> What is required:
Your output should be the lines below from the one with "Yellow-green, radiating crystal" through the one with "Indian peafowl female", copied exactly, pictures excluded.

[Records to use]

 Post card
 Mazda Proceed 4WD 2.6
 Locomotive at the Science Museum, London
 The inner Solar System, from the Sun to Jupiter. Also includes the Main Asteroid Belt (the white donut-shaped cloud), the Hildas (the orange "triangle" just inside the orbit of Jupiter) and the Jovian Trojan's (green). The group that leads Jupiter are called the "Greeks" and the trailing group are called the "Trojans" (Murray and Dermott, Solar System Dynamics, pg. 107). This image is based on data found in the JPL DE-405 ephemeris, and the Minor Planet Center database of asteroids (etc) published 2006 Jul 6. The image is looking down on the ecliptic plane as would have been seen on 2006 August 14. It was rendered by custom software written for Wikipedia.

[/Records to use]
[Records to use]

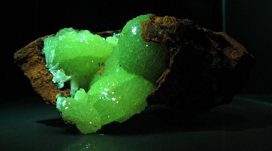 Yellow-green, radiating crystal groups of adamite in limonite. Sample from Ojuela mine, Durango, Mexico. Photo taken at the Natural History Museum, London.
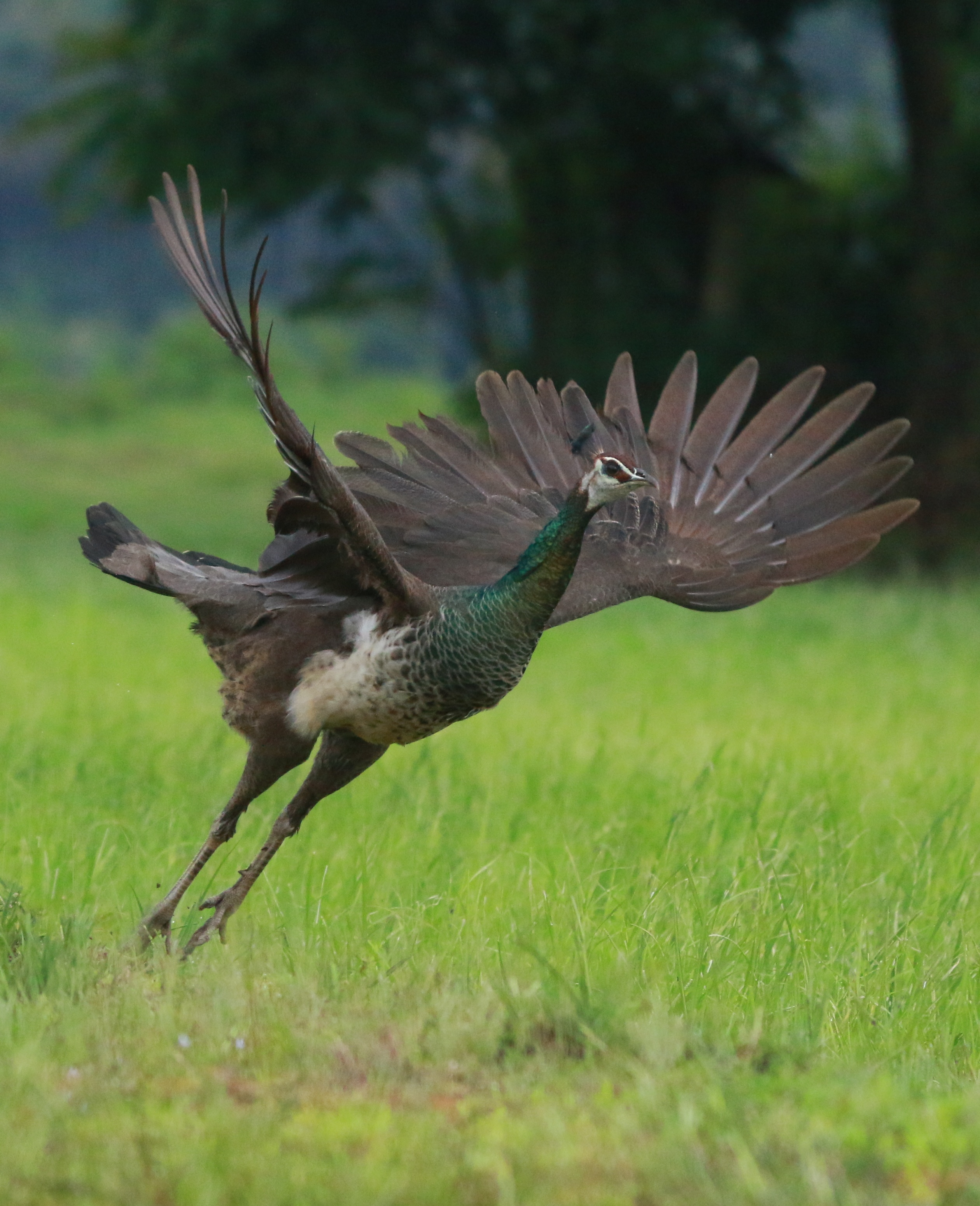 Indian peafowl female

[/Records to use]

> Written answer:
 Yellow-green, radiating crystal groups of adamite in limonite. Sample from Ojuela mine, Durango, Mexico. Photo taken at the Natural History Museum, London.
 Indian peafowl female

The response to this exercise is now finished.